-- Exercise --
Quote these lines exactly: the one that holds "Kissing Porcelain Dolls" and every line after it to the end of the material below. Skip pictures.
** Opening Dataset extract block **
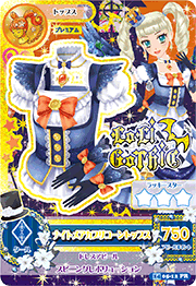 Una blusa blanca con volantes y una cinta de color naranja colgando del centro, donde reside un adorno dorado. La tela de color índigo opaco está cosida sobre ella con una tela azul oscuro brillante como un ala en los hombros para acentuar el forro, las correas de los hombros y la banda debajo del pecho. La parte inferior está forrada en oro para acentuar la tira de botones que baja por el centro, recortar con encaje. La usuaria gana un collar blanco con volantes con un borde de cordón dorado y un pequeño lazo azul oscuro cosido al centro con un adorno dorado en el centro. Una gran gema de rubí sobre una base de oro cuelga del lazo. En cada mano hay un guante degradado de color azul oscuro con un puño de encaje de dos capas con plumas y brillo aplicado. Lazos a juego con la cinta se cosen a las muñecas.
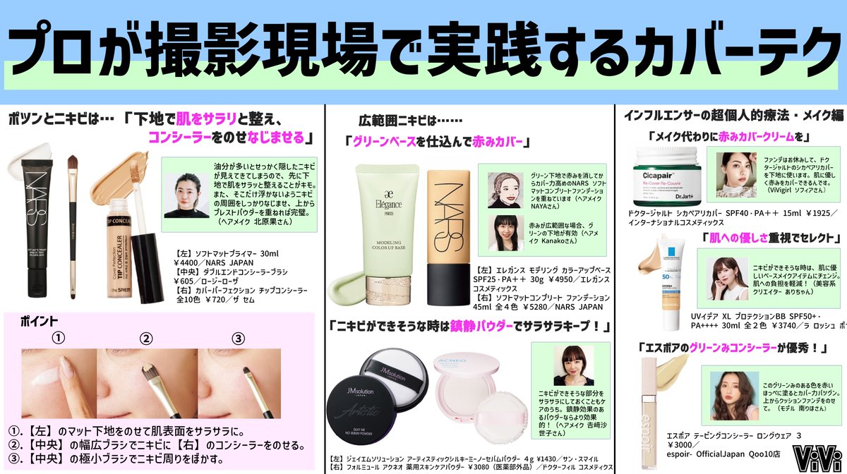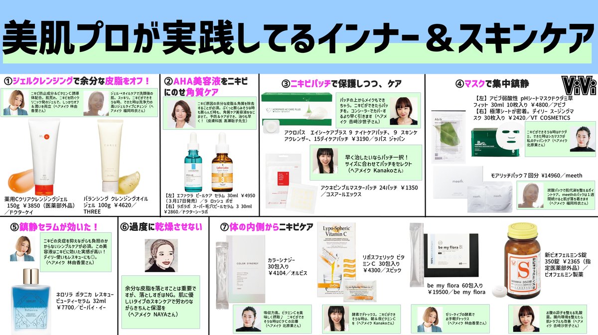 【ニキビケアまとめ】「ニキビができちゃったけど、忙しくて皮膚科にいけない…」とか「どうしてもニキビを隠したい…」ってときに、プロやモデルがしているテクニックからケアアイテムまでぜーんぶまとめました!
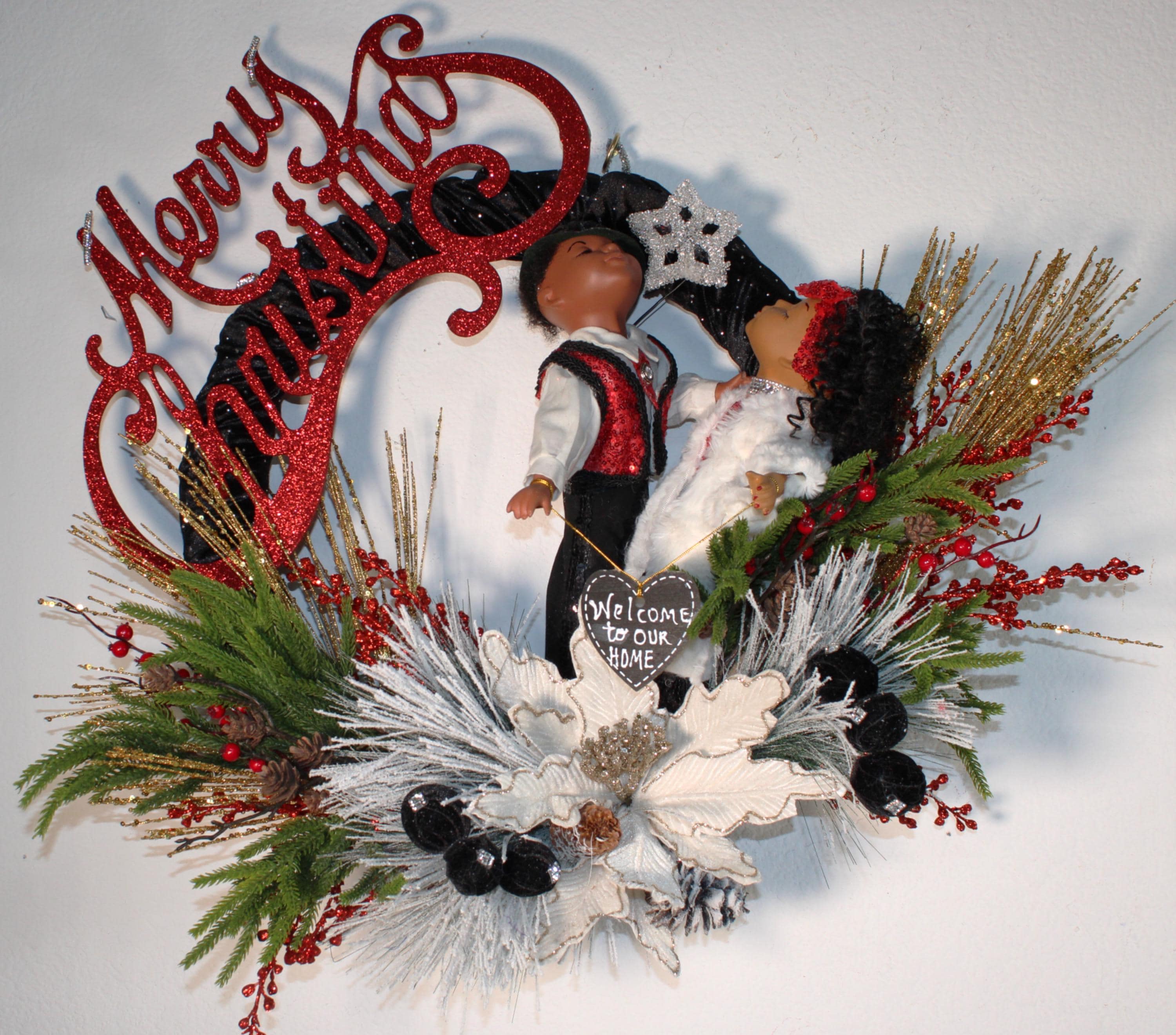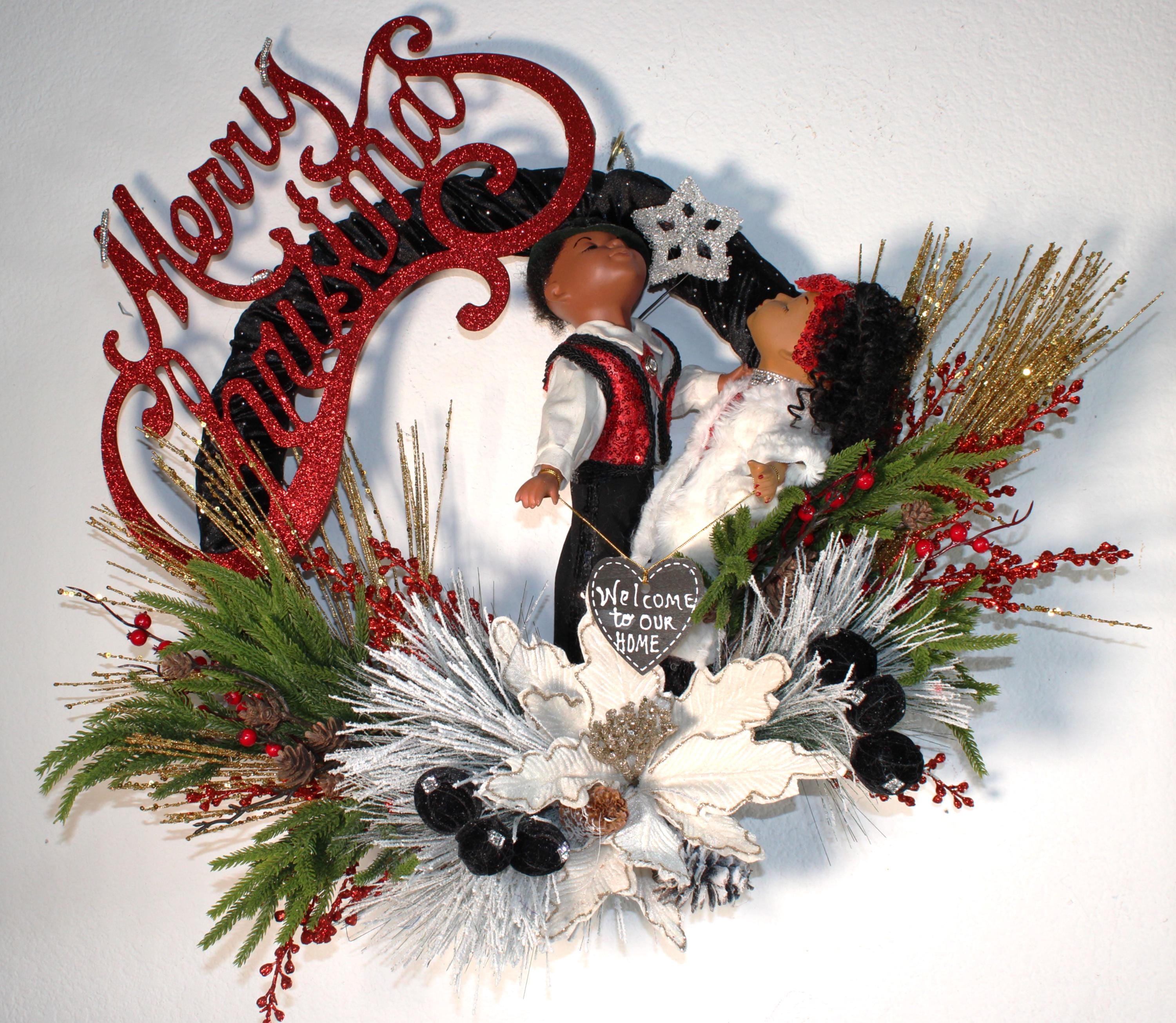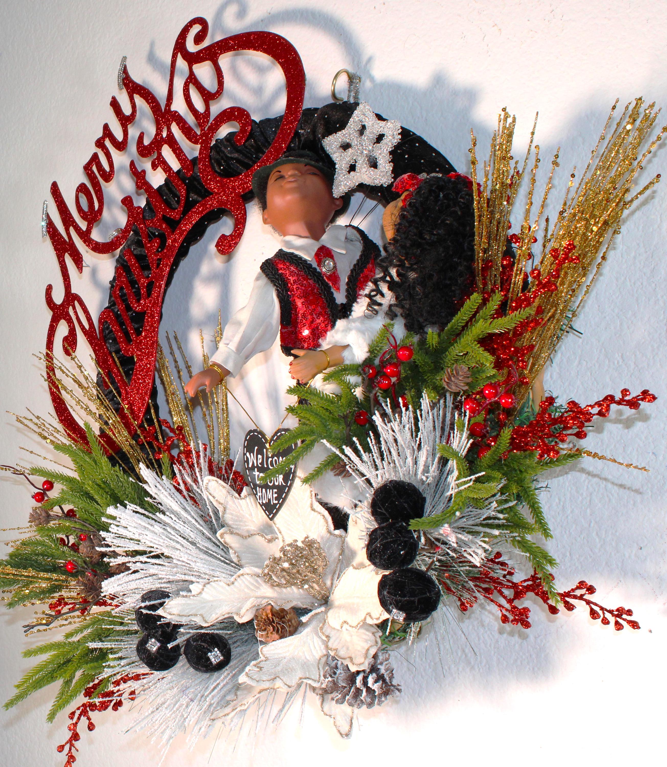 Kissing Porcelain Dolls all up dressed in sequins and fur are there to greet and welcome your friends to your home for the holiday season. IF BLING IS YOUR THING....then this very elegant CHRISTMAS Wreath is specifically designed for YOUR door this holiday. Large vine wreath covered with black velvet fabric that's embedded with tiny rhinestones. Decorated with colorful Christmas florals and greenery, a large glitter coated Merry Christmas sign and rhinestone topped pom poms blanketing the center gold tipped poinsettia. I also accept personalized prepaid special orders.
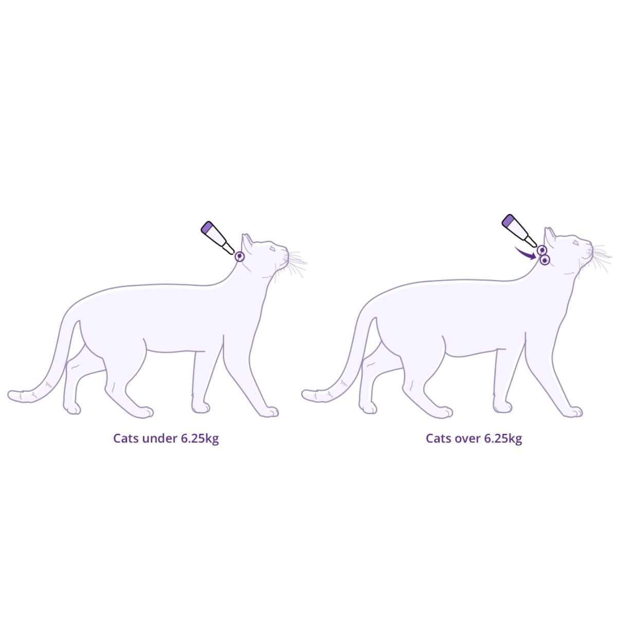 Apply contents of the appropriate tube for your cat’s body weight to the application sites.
** Closing Dataset extract block **
-- Reply to the task --
 Kissing Porcelain Dolls all up dressed in sequins and fur are there to greet and welcome your friends to your home for the holiday season. IF BLING IS YOUR THING....then this very elegant CHRISTMAS Wreath is specifically designed for YOUR door this holiday. Large vine wreath covered with black velvet fabric that's embedded with tiny rhinestones. Decorated with colorful Christmas florals and greenery, a large glitter coated Merry Christmas sign and rhinestone topped pom poms blanketing the center gold tipped poinsettia. I also accept personalized prepaid special orders.
 Apply contents of the appropriate tube for your cat’s body weight to the application sites.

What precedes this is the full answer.